> **WORK REQUEST**:
What you return should match the listing exactly, minus its images.
*** EXERCISE DATA ***
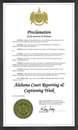 Members of the Alabama Court Reporters Association were also successful in securing an official proclamation signed by Gov. Kay Ivey recognizing the week in that state.
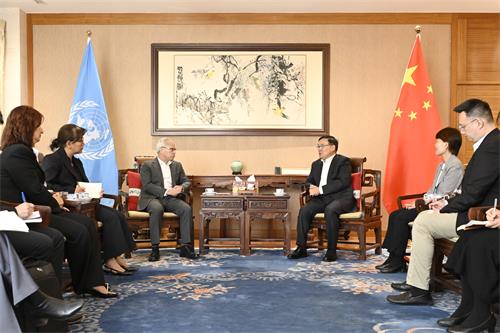 賈桂德歡迎行政長官到訪,並介紹中國常駐日內瓦代表團的功能及運作模式。他指出,代表團為國家根本利益服務,澳門是國家其中一個特別行政區,成功實踐“一國兩制”、“澳人治澳”、高度自治方針,具備獨特的國際平台作用,並積極參與不同的國際組織,有效助力國家高水平對外開放。在此基礎上,代表團將進一步支持澳門特區開展對外合作。
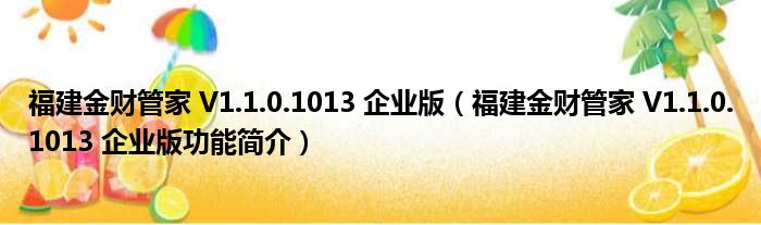 福建金财管家 V1.1.0.1013 企业版(福建金财管家 V1.1.0.1013 企业版功能简介)
***
> **ANSWER**:
 Members of the Alabama Court Reporters Association were also successful in securing an official proclamation signed by Gov. Kay Ivey recognizing the week in that state.
 賈桂德歡迎行政長官到訪,並介紹中國常駐日內瓦代表團的功能及運作模式。他指出,代表團為國家根本利益服務,澳門是國家其中一個特別行政區,成功實踐“一國兩制”、“澳人治澳”、高度自治方針,具備獨特的國際平台作用,並積極參與不同的國際組織,有效助力國家高水平對外開放。在此基礎上,代表團將進一步支持澳門特區開展對外合作。
 福建金财管家 V1.1.0.1013 企业版(福建金财管家 V1.1.0.1013 企业版功能简介)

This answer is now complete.